1 Project Overview

The goal of the G3card project is to explore the suitability of asynchronous logic in Smart Card processors as a means of increasing their robustness to attacks.

Asynchronous logic dates back to the early computers. Their component and other tolerances were not tightly controlled – circuits were built from discrete components, some of which were individually made. Means of detecting the completion of computations had to be provided. Eventually, a `synchronous’ design style emerged using clocks to take all the worst case tolerances into account.. A few specialised asynchronous components remained, e.g. in communications, with buffers and synchronisers used to join the outside world to the clock-driven circuits. Recently, though, there has been a resurgence of interest in asynchronous circuits, as they have a number of virtues (such as low power and low RF emissions) that make them attractive in specific applications. Also, as feature sizes decrease into the deep submicron and transistor counts in ASICs climb past the million mark, the proportion of an ASIC given over to clock distribution and synchronisation increases alarmingly.

Smart cards and other single-chip security processors were considered to be subject to two basic types of attack – invasive, where physical manipulation of the chip e.g. by drilling holes using a focused ion beam and attaching probes to get extra access to internal signals, and non-invasive, where there is no physical tampering but internal secrets may be deduced by monitoring the power consumed by the device or the time it takes to complete a transaction.

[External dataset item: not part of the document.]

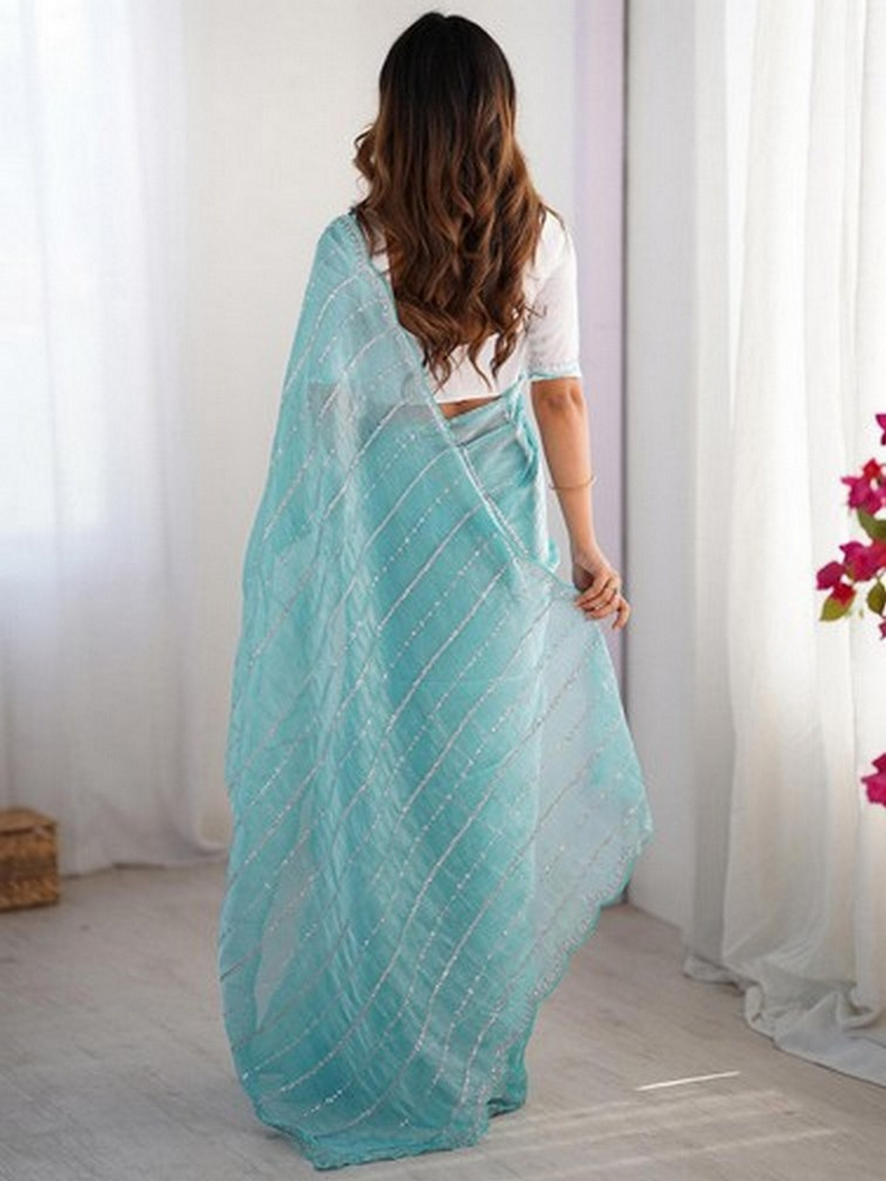 Sky Blue Color Zimmy Choo Fabric Designer Embroidered Saree For Ceremonial Looks
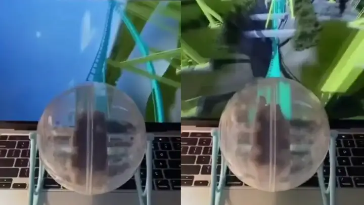 Досуг для грызуна: хозяин устроил своему бегающему в шаре хомяку 5D-кинотеатр Всем надо развлекаться.На видео сняли водные горки, чьи разработчики явно ненавидят людей Когда по образованию ты проектировщик, а по призванию — садист.«Страшна! Вырубай!»: хозяева организовали VR-аттракционы для своих пушистых Как развлечь питомцев, не выходя из дома.

The project aimed to improve the resistance of security processors to non-invasive attacks. One observation was many methods of attack used the chip’s clock to provide a reference for attacking the card. Removing the clock should make attacks harder. In addition, one asynchronous design style involves `dual-rail’ logic, in which the logic is balanced; each bit is signalled on a pair of wires with (for example) HL meaning `0’ and LH meaning `1’. In theory, such circuits can be built so that the correlation between the power consumed and the data being processed is zero.

In addition, some attacks involve inducing transient faults in the target device by causing a particular component to fail, for example by inserting transients into the clock or power signals. Using dual-rail logic, it is possible to use the HH state as an alarm signal, and arrange matters so that the failure of a single transistor will result in a reset or safe deadlock. It should thus be possible to design out another large class of potential attacks.

To test this principle, the project set out to build several different asynchronous processors, in order to gather knowledge and experience in an area where there is at present none.

The test processors are versions of existing processors, so that comparisons can be made:

1. XAP – a simpler 16 bit processor currently used for cheaper and lower performance and power applications such as pagers.

2. SmartMIPS – a 32 bit processor jointly designed by MIPS Technologies and Gemplus for smarcard applications. (Only some key blocks will be implemented in asynchronous technology.)

3. ARM – this is the market leading general purpose 32 bit processor which is widely licensed for applications such as mobile phones and set-top boxes.

Until now, the countermeasures used to defend against both invasive and non-invasive attacks have been ad-hoc, employing a variety of hardware and software tricks of ever-increasing complexity. These not only make maintenance and further development of smartcard products expensive, they also impose a significant cost in both silicon area and software performance, and are vulnerable to new twists on the established attack techniques.

The project started from a belief that the time had come for a different approach – taking a whole systems approach. Much of the software countermeasures implemented today might be avoidable, or at least considerably reduced, if the hardware was intrinsically more difficult to attack. Since a major part of a smartcard’s code consists of software countermeasures to non-invasive attacks, and this is in ROM, this can be traded off against the extra silicon area for hardware countermeasures.

In addition to developing more secure variants of the three chips mentioned above, the project also has two people working on developing new types of attack. In addition to the existing invasive and non-invasive attack techniques, they have developed a new, `semi-invasive’ attack technology which greatly increases the competitive advantage enjoyed by the protective technologies we have created.

Finally, we took a new look at how hardware countermeasures could be used by an operating system, and especially how to allow multiple programs to run safely without being able to interfere with each other. To complement this, we have also looked at a typical demanding algorithm for key generation and looked at what techniques can be applied here to reduce emissions and opportunities for “cracking”.